Coleman Silk, Professor am Athena College in Toledo, USA, bittet im Jahr 1996 seinen Nachbarn und Schriftsteller Nathan Zuckerman darum, seine Geschichte aufzuschreiben. Er ist sehr aufgebracht und hat gerade seine Frau verloren. Coleman wurde an seiner Fakultät des Rassismus beschuldigt. Er bezeichnete zwei nie anwesende Studentinnen als "dunkle Gestalten, die das Seminarlicht scheuen", ohne zu ahnen, dass es sich ausgerechnet um afroamerikanische Studentinnen handelte. Im Laufe der Rechtfertigungen und des Aufruhrs, erlag seine Frau einem Herzinfarkt. Nun beschuldigt Coleman seinerseits das College, seine Frau umgebracht zu haben.

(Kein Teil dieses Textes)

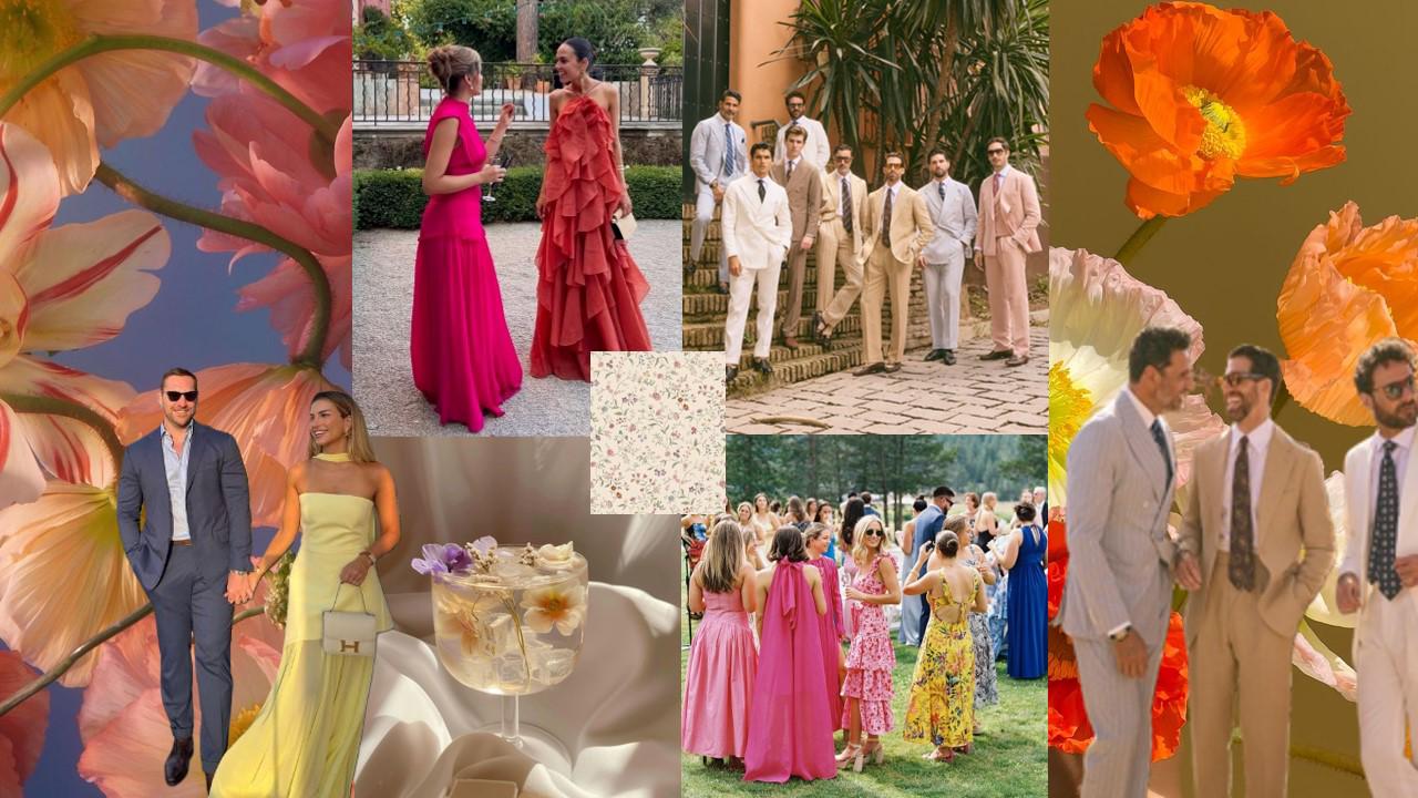 En stilren klänning i ljusa eller blommiga toner – tänk "jag är här för bröllopet, men jag skulle också platsa i ett modemagasin om någon tog en spontan bild vid syrenbusken". Hellre pasteller än svart – det här är ett bröllop, inte en noir-premiär.

Nathan Zuckermann lehnt dieses Ansinnen ab, woraufhin Coleman sich zurückzieht. Seinen Job hat er hingeschmissen. Statt dessen nimmt sich der 71jährige eine 34jährige Geliebte, ausgerechnet eine analphabetische Putzfrau vom College, die aus schwierigen Verhältnissen stammt. Diese Liebschaft bliebt nicht unentdeckt und so lässt der nächste Skandal, dass ein alter, jüdischer Mann eine unterprivilegierte junge Frau sexuell ausbeutet, nicht lange auf sich warten.

Die Geschichte ist weitaus komplexer, als diese sehr vereinfachende Zusammenfassung vermuten lässt, denn hinter jeder Figur steckt ein ganz eigenes Leben mit seinen Selbsttäuschungen, Sehnsüchten und zurückgelassenem Gepäck, welches mit zuverlässiger Kraft gerade dann wieder auftaucht, wenn Mensch meint, es ohne diese Belastung geschafft zu haben. Zudem ist die Handlung in eine Zeit der Vereingten Statten verortet, die angefüllt ist mit Rassismusdebatten, dem Clinton-Lewinsky-Skandal und der Traumatabewältigung der Kriegsveteranen.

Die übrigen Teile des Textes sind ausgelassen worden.